Further south at Vallenar Bay, the strike was almost universally N. 25 degrees W. and the dip, generally at an angle of about 40 degrees to W. 25 degrees S., but in some places almost vertical. Still farther south, in the neighbourhood of the harbours of Anna Pink, S. Estevan and S. Andres, and (judging from a distance) along the southern part of Tres Montes, the foliation and cleavage extended in a line between [N. 11 degrees to 22 degrees W.] and [S. 11 degrees to 22 degrees E.]; and the planes dipped generally westerly, but often easterly, at angles varying from a gentle inclination to vertical. At A. Pink's Harbour, where the schists generally dipped easterly, wherever the angle became very high, the strike changed from N. 11 degrees W. to even as much as N. 45 degrees W.: in an analogous manner at Vallenar Bay, where the dip was westerly (viz. on an average directed to W. 25 degrees S.), as soon as the angle became very high, the planes struck in a line more than 25 degrees west of north. The average result from all the observations on this 200 miles of coast, is a strike of N. 19 degrees W. and S. 19 degrees E.: considering that in each specified place my examination extended over an area of several miles, and that Lieutenant Stokes' observations apply to a length of 100 miles, I think this remarkable uniformity is pretty well established. The prevalence, throughout the northern half of this line of coast, of a dip in one direction, that is to the west, instead of being sometimes west and sometimes east, is, judging from what I have elsewhere seen, an unusual circumstance. In Brazil, La Plata, the Falkland Islands, and Tierra del Fuego, there is generally an obvious relation between the axis of elevation, the outline of the coast, and the strike of the cleavage or foliation: in the Chonos Archipelago, however, neither the minor details of the coast-line, nor the chain of the Cordillera, nor the subordinate transverse mountain-axes, accord with the strike of the foliation and cleavage: the seaward face of the numerous islands composing this Archipelago, and apparently the line of the Cordillera, range N. 11 degrees E., whereas, as we have just seen, the average strike of the foliation is N. 19 degrees W.

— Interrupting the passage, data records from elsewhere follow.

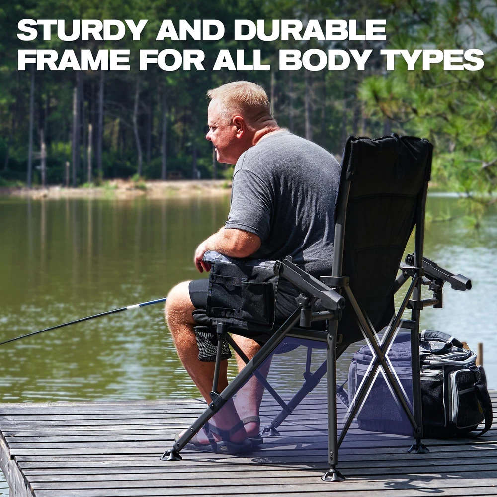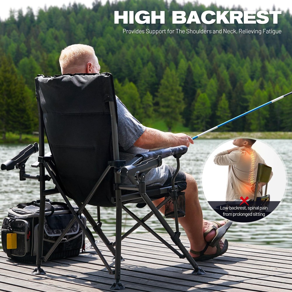 OVERSIZE FISHING CHAIR: Our new large-size fishing folding chair is made of durable 500D polyester dyed fabric, capable of supporting up to 350 lbs. It features a high backrest and padding, making it more comfortable than small fishing chairs. It is perfect for camping, fishing, picnics, and other outdoor activities, suitable for most people to use. ALL-TERRAIN ROTATABLE FEET: This fishing chair features rotatable feet that keep it stable on any rugged terrain. It allows you to rotate the feet on the front legs, and the wider chair legs help reduce pressure and prevent the chair from sinking into soft ground. It can be easily applied to any terrain, allowing you to enjoy fishing in wetlands, glaciers, valleys, and more. ADJUSTABLE ROD HOLDER: Our folding fishing chair is equipped with removable rod holders on both sides, which can be adjusted up and down, as well as left and right, without moving the chair. You can adjust the height of the fishing rod as needed, freeing your hands to do other things, allowing you to focus more on fishing. EXTRA STORAGE SPACE: The fishing chair features durable mesh cup holders on both sides for conveniently placing drinks or equipment. It also has a black storage bag on the side that can hold all your fishing tools and accessories, such as pliers, scissors, and other tools, providing maximum convenience during your fishing experience. MULTIPURPOSE OUTDOOR FOLDING CHAIR: This chair is specifically designed as a professional fishing chair, catering to various fishing needs. In addition, it can be widely used for camping, picnics, outdoor patios, balconies, lawns, backyards, gardens, and any other outdoor activities. No matter where you are, you can sit down and rest your tired body.
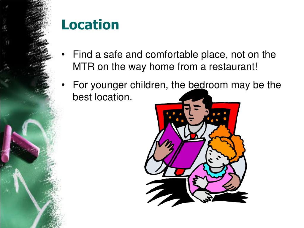 Location • Find a safe and comfortable place, not on the MTR on the way home from a restaurant! • For younger children, the bedroom may be the best location.
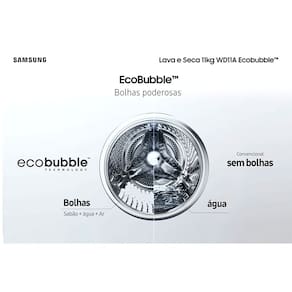 Marca: Samsung Ref.: WD11A4453BW/AZ Voltagem: 127V Cor: Branca Lavagem: 11 kg Secagem: 7 kg Consumo de Água (Lavagem): 53,8 LTS Display: LED Motor: Digital Cesto: Diamond Drum Porta: Tint Door Classificação Energética: A Tecnologia Ecobubble Potência: 1100W Velocidade de Centrifugação: 1400 RPM Algodão Lavagem Rápida Lavagem Higienização Função Vapor Enxaguar+Centrifugar Ciclo Rápido: 15 minutos Número de ciclos: 12 Tecidos Sintéticos Lavagem a Seco
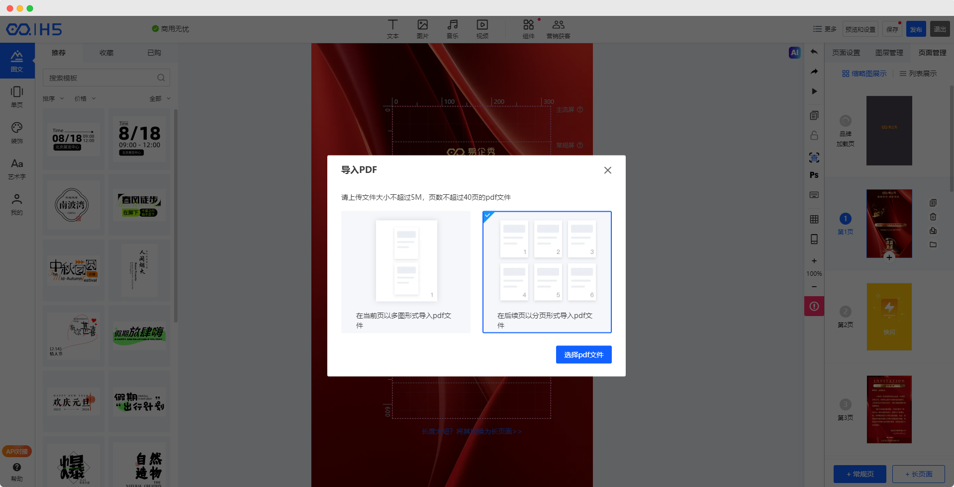 ③上传PDF,如下所示,可向当前H5作品中添加不超过40页的PDF文件,系统自动拆分PDF按页添加至H5中。
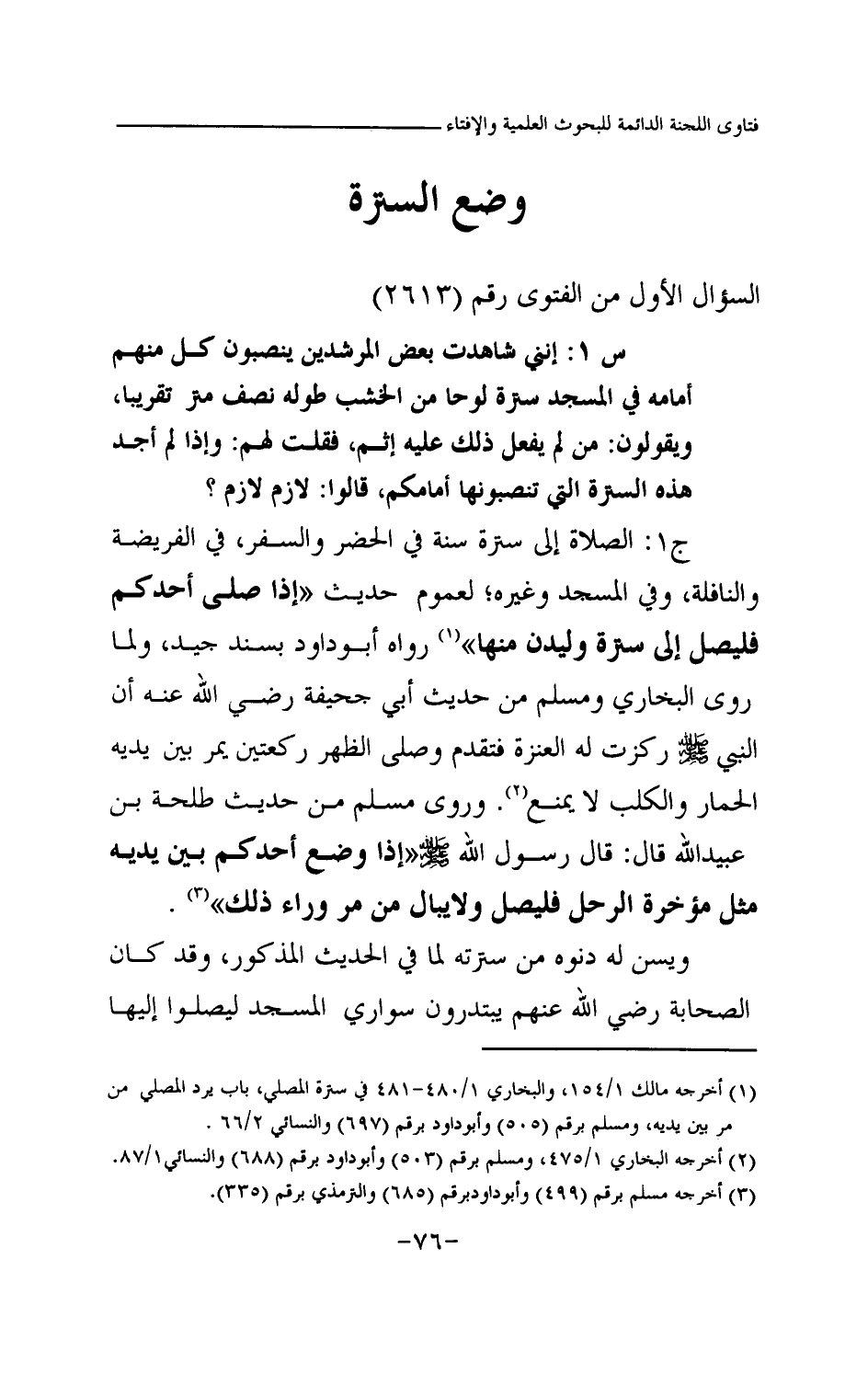 ج1: الصلاة إلى سترة سنة في الحضر والسفر، في الفريضة والنافلة، وفي المسجد وغيره؛ لعموم حديث «إذا صلى أحدكم فليصل إلى سترة وليدن منها (¬1) » رواه أبو داود بسند جيد ولما روى البخاري ومسلم من حديث أبي جحيفة رضي الله عنه «أن النبي صلى الله عليه وسلم ركزت له العنزة فتقدم وصلى الظهر ركعتين يمر بين يديه الحمار والكلب لا يمنع (¬2) » وروى مسلم من حديث طلحة بن عبيد الله قال: قال رسول الله صلى الله عليه وسلم «إذا وضع أحدكم بين يديه مثل مؤخرة الرحل فليصل ولا يبال من مر وراء ذلك (¬3) »

There is one interesting exception to the uniformity in the strike of the foliation. At the northern point of Tres Montes (latitude 45 degrees 52 minutes) a bold chain of granite, between two and three thousand feet in height, runs from the coast far into the interior, in an E.S.E. line, or more strictly E. 28 degrees S. and W. 28 degrees N. (In the distance, other mountains could be seen apparently ranging N.N.E. and S.S.W. at right angles to this one. I may add, that not far from Vallenar Bay there is a fine range, apparently of granite, which has burst through the mica-slate in a N.E. by E. and S.W. by S. line.) In a bay, at the northern foot of this range, there are a few islets of mica-slate, with the folia in some parts horizontal, but mostly inclined at an average angle of 20 degrees to the north. On the northern steep flank of the range, there are a few patches (some quite isolated, and not larger than half a-crown!) of the mica-schist, foliated with the same northerly dip. On the broad summit, as far as the southern crest, there is much mica-slate, in some places even 400 feet in thickness, with the folia all dipping north, at angles varying from 5 degrees to 20 degrees, but sometimes mounting up to 30 degrees. The southern flank consists of bare granite. The mica-slate is penetrated by small veins of granite, branching from the main body. (The granite within these veins, as well as generally at the junction with the mica-slate, is more quartzose than elsewhere. The granite, I may add, is traversed by dikes running for a very great length in the line of the mountains; they are composed of a somewhat laminated eurite, containing crystals of feldspar, hornblende, and octagons of quartz.) Leaving out of view the prevalent strike of the folia in other parts of this Archipelago, it might have been expected that they would have dipped N.